I think this might qualify as an additional exploratory approach and agree with
Philipp that making sense of the magnitude and directions between repeated
measures, even if only viewed in a PC plot, is rather important. I’m sure this
could be improved if someone wants to play more with other data sets.
Cheers!
Mike
On Nov 4, 2022, at 10:38 AM, [email protected] <[email protected]> wrote:
Dear all,
I like to challenge this view on measurement error, as summarized by Andrea, a
bit more generally.
Clearly, measurement error should be "small," but I disagree that "the idea is that
differences among individuals (averaged replicates) in a representative sample should be larger than
differences between replicates of the same individual". First, the between-individual variance (or mean
sum of squares, MSS) depends on the choice of individuals. For instance, if the sample comprises different
species, the MSS between individuals is much larger than for a sample of a single species, and the error MSS
in relation to the individual MSS is much smaller in the multi-species sample. Hence, whether or not the
error MSS is larger than the between-individual MSS is somewhat arbitrary and of secondary importance anyway.

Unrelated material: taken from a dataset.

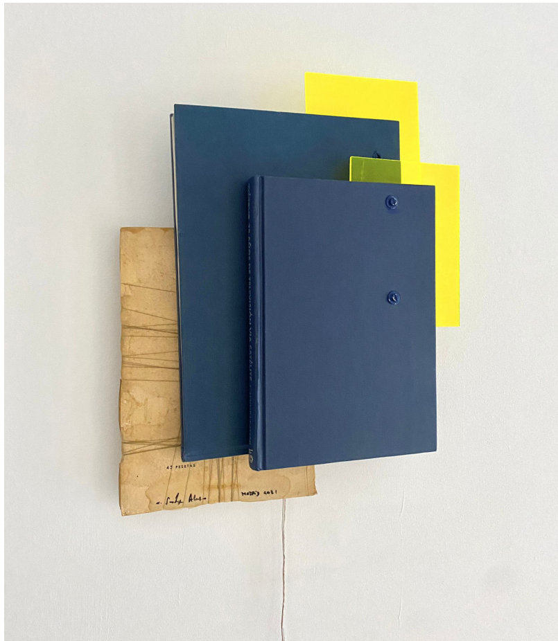
Carlos Sánchez Alonso “Desarquitectura de libros y luz” Libros, metacrilato fluorescente y luz 38x25x6cm 800€ + IVA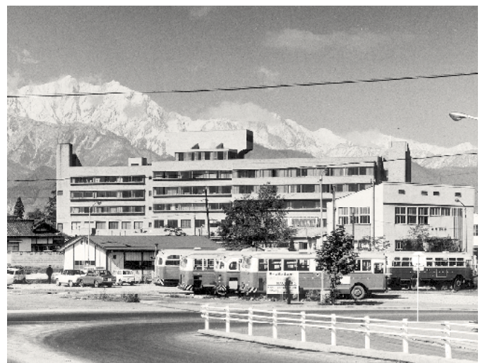
完成した新病院。バイパスは開通していない。 (昭和46年9月)

"Controlling for main effects," as suggested by Andrea, is possible but it removes the actual
signal against wich I may want to compare the error. In either case, the p-value of the MANOVA is
uninformative because the underlying H0 is irrelevant.
In my opinion, it is more important that the error is unrelated to the signal of interest
("random"), rather than that it is small in terms of some summary statistic. For
instance, if in a growth study the measurement error is uncorrelated with the age effects, the
error "averages out" (if sample size is large enough) and does not bias the average
growth trajectory, even if the error is large. The same applies to group differences. MANOVA does
not inform about this independence. Moreover, it pools over all shape coordinates. For instance, it
does not inform us if the error is large for shape features of interest (those that differ between
groups or correlate with age, etc.) or for shape features of less interest.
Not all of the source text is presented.